Обычаи русов казались цивилизованным народам настолько дикими, что некоторые арабские писатели даже отказывались верить, что у них вообще существуют какие-либо нравственные понятия. Масуди писал о русах как о народе, «не признающем религиозных законов». Историк XIII в. Амид аль-Мекин, рассказывая о принятии князем Владимиром христианства, также заметил, что у русов «не было до этого времени религиозного закона и не веровали они ни во что». Конечно, буквальное прочтение сообщений арабских писателей неуместно. В словах о безверии русов отразилось специфическое восприятие цивилизациями, исповедовавшими монотеизм, религиозных представлений «варваров». Нечто подобное о религии аланов писал еще Аммиан Марцеллин: «У них не найдешь ни храма, ни святилища, ни даже крытой соломой ниши для алтаря. Обнаженный меч, по варварскому обычаю вонзенный в землю, становится символом Марса, и они набожно поклоняются ему как верховному владыке тех земель, по которым проходят». Меч у русов был священным предметом, на нем приносили клятвы. А веровать в меч, по понятиям поклонников Аллаха, — это то же самое, что не веровать ни во что.
Имена богов, которым в IX в. поклонялись русы, осевшие на берегах Тавриды и Днепра, не попали в источники (из документов первой половины X в. мы знаем, что международные договоры они скрепляли именами Перуна и Велеса).
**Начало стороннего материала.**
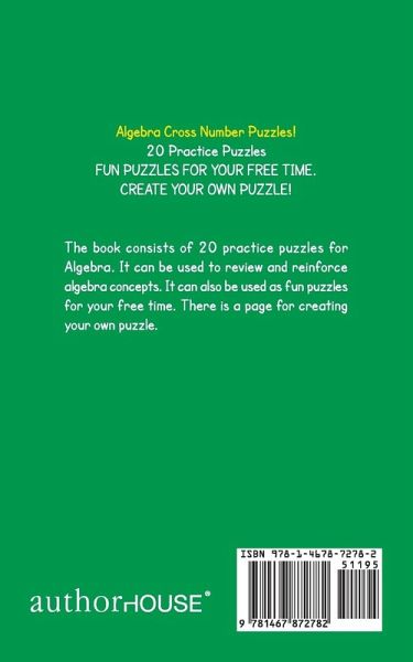 Algebra Cross Number Puzzles! 20 Practice Puzzles FUN PUZZLES FOR YOUR FREE TIME. CREATE YOUR OWN PUZZLE! The book consists of 20 practice puzzles for Algebra. It can be used to review and reinforce algebra concepts. It can also be used as fun puzzles for your free time. There is a page for creating your own puzzle.
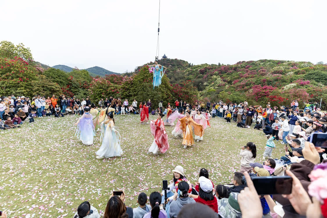 3月26日,“花仙子”在百里杜鹃管理区普底景区为游客表演“天女散花”。新华社发(范晖摄)
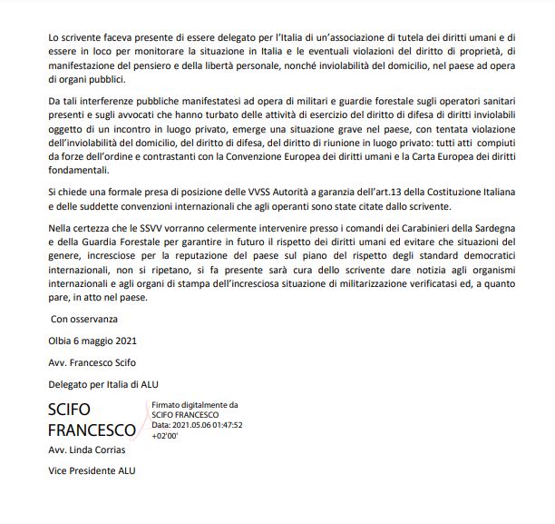 Nella giornata di ieri, 5 Maggio 2021, l’avvocato Francesco Scifo (delegato ALU per l’Italia) e l’avvocato Linda Corrias (vicepresidente di ALU) si trovavano presso la località Cugnana per un incontro richiesto dalle locali maestranze degli operatori sanitari, attinente alla difesa dei diritti umani delle stesse.
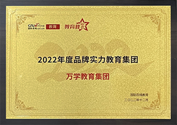 万学集团凭借在社会价值贡献、教学实际效果、教育创新成果、教学技术水平、教研团队水平和教育资源实力等多项指标的显著领先优势,荣膺“2023年度品牌实力教育集团”。
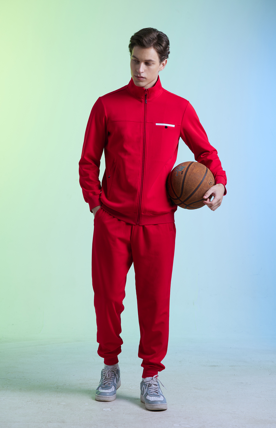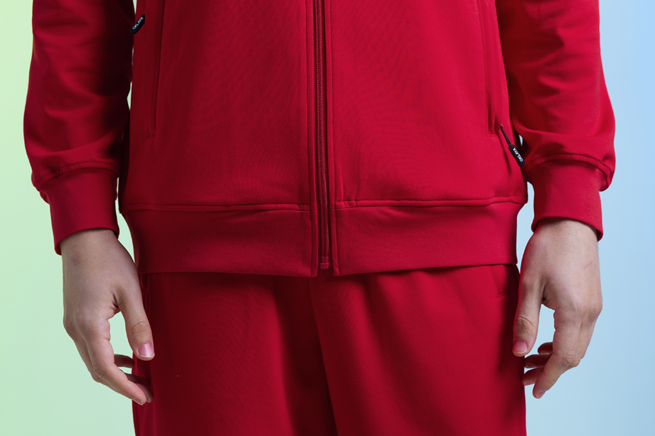 | 款名: | 红色棉聚酯纤维混纺时尚运动装上衣 | |||
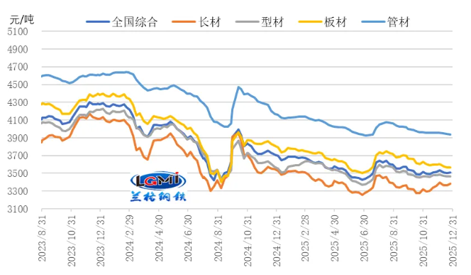 2025年12月份,在全球经济恢复态势相对平稳、我国经济指标继续下滑、供给释放力度仍然分化、市场需求进入淡季、成本支撑维持韧性的影响下,国内钢铁市场呈现了区间震荡运行的行情。据兰格钢铁网监测数据显示,截至12月底,兰格钢铁全国钢材综合价格为3509元/吨,较上月底下跌4元/吨,环比跌幅0.1%,年同比下跌5.3%。从月度均值来看,12月份,兰格钢铁全国钢材综合价格均值为3515元/吨,较上月上涨15元/吨,涨幅为0.4%。
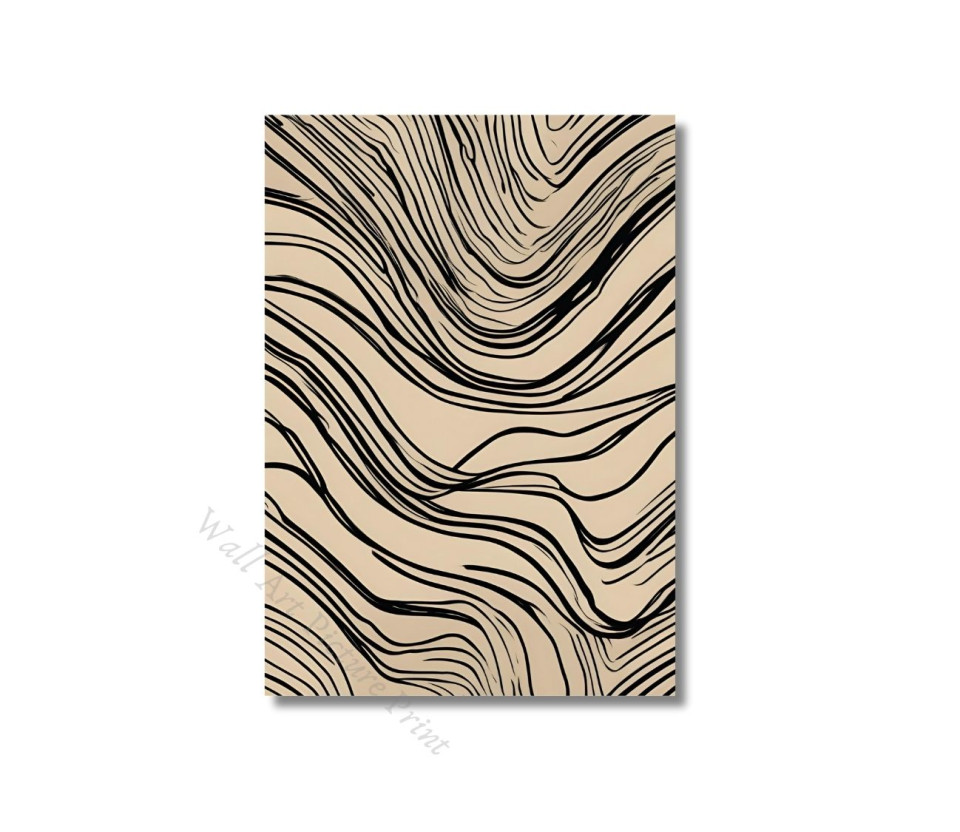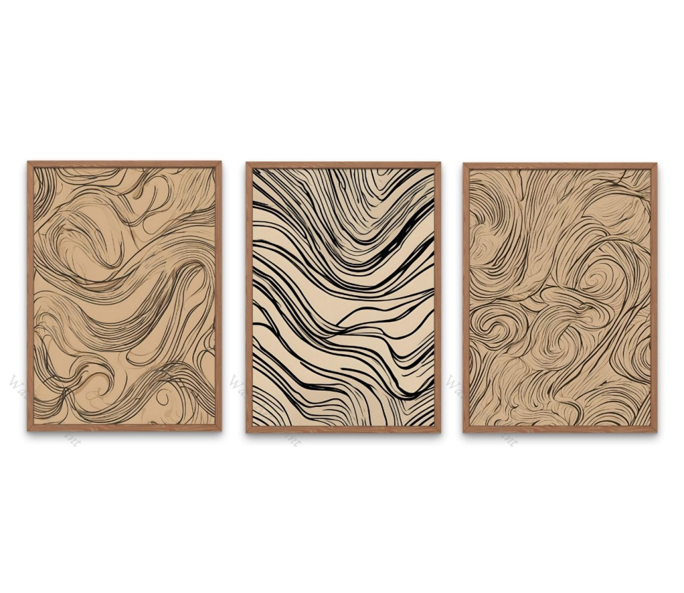 סט 3 הדפסים אמנותיים בעיצוב קווים מופשטים בגווני שחור-חום – הדרך המושלמת להכניס לביתך מראה מודרני, נקי ועם הרבה אופי.
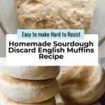 Delicious and lightly crisp Sourdough Discard English Muffins made using leftover sourdough starter. These muffins have a tender crumb with the iconic nooks and crannies perfect for holding melted butter and jam. Made with a combination of bread flour, sourdough discard, and semolina flour for dusting, they are cooked on a skillet and finished in the oven for a perfect texture.
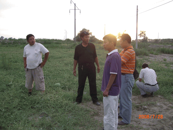 2008年,公司土壤改良劑在新疆兵團(tuán)124團(tuán)9連打瓜地里的試驗(yàn)示范圖片
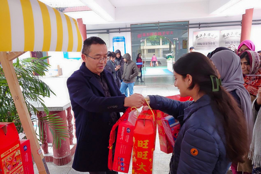 国际教育学院副院长李元胜为留学生发放春节礼品

Ибн Русте описывает «русский» культ в следующих словах: «У них есть знахари, как бы господа для них, имеющие власть даже над царем; они приказывают народу приносить в жертву своему создателю женщин, мужчин и лошадей. И если знахари приказывают, то не исполнить их приказания никак не возможно. Взяв человека или животное, знахарь накидывает ему на шею петлю, вешает жертву на бревно и ждет, пока она не задохнется, и говорит, что это жертва богу». В этих знахарях легко узнаются рюгенские жрецы-гадатели, чей непререкаемый авторитет среди поморских славян так удивлял Гельмольда и Саксона Грамматика. Гардизи, повторяя в основном показания Ибн Русте, вносит важный нюанс: «Есть у них знахари, власть которых распространяется и на их царей. И если знахарь возьмет мужчину или женщину, накинет им на шею петлю и повесит, пока те не погибнут, и говорит: «Это указ царя», — то никто не говорит ему ни слова и не выражает недовольства». Здесь «знахари» действуют уже от имени «русского» князя, который, по всей видимости, все-таки санкционировал отправление культа, особенно в случае принесения в жертву людей. Во время войны для человеческих жертвоприношений использовались пленники. Так, князь Бравлин, захватив Сурож, заклал на языческих алтарях местных юношей и девиц. Ритуальные убийства «девиц, мужей и жен» также происходили в занятой русами Амастриде.